Demographics don’t matter when they are an organic part of the character or story. What fans object to is the race, gender, and/or sexual orientation swapping from the source material. If you want to tell a story about a character with certain demographics, find existing or create new source material with characters meeting those demographics and put it up for sale.
Don’t change John Wick to Jane Wick. If you want a female lead instead of a male lead for an action flick, just do what film producers have already done with the Atomic Blonde film adaptation. Both the John Wick and the Atomic Blonde films were roughly similar concepts, the adaptations were well done, there was no need to demographic swap the leads, the fans were mostly pleased, and the box office was good for both. If there is a market for it, people will buy it.
So please, MCU, stay faithful to the original concepts and quit doing things like portraying the Ancient One as a bald British female instead of an old Tibetan man. The race/gender/sexual-orientation swapping may please a few misguided, over-sensitive idiots on Twitter and a few snobbish Hollywood critics who won’t like comic books or comic book movies no matter what you do and will always find something to pick apart, but it pisses off the rest of us.
Steve Rogers is Captain America, Sam Wilson is Falcon, T’Challa is Black Panther, Richard Rider is Nova, Peter Parker is Spiderman, Thor Odinson is Thor, Tony Stark is Iron Man, Bruce Banner is The Hulk, the X-Men are the X-Men, Stephen Strange is Dr.
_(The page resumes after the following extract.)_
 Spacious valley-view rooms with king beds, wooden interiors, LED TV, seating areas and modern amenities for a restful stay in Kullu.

Strange, etc. – all with the demographics with which they were originally created.
No matter how many times you try to swap these characters for someone with the same name but different demographics, sales suffer and you just keep going back to the originals because, like it or not, the originals were great for a reason, the swapped versions are inferior to the originals, and the fans want to read stories about THE ORIGINALS. That’s what sells – in the comics, in the movies, and in the television shows.
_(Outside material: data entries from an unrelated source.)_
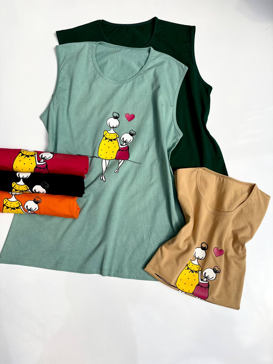 تاپ زنانه نخ پنبه یقه گرد لانگ چاپیناموجود
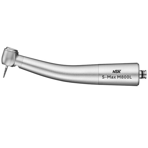 M800L turbinvinkelstycke i rostfritt stål med keramiska kullager. Utrustad med ljusledare som levererar LED-ljus via ljusstav, alternativt från diod i vinkelstycket (instrument för W&Hs koppling)
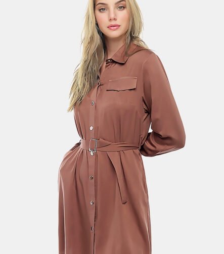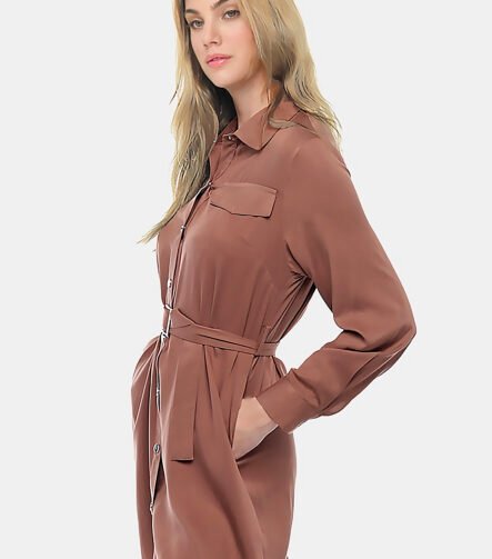 Vestido Chemise Marrom Manga Longa com Bolsos e Cinto Sob
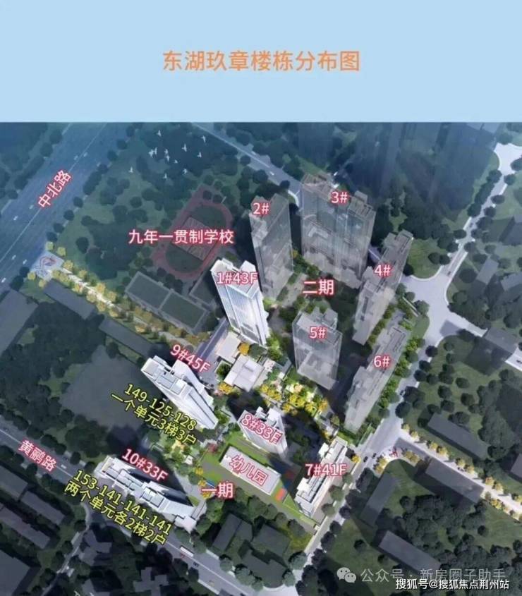 中海·东湖玖章共分两期开发项目总占地约53685㎡,建面约217000㎡,容积率约4.04,绿化率30%,总户数1353户,车位1755个,车位配比1:1.3,物业费3.2元/㎡·月,项目共规划了10栋33-45层,高层/超高层住宅分2期开发,地块需要配建一所九年一贯制学校、一所幼儿园。一期包含1、7、8、9、10号楼共622户,预计2026年6月30日精装交付;二期包含2、3、4、5、6号楼共731户,预计2026年11月30日精装交付。

The MU comic book universe should stand on its own apart from the MCU and focus on telling good stories of good vs. evil respecting MU comic book continuity.
The MCU can take that source material and change it or water it down if it likes. The movie ticket buyers have voted and will vote with their dollars in regard to whether they like or dislike the translated material.
It appears that the streaming service subscribers and movie ticket buyers like the more source-accurate material and dislike the source-inaccurate material. The comic book buyers will vote with their dollars too – and my prediction is that they will reject this MCU-oriented Guardians of the Galaxy reboot.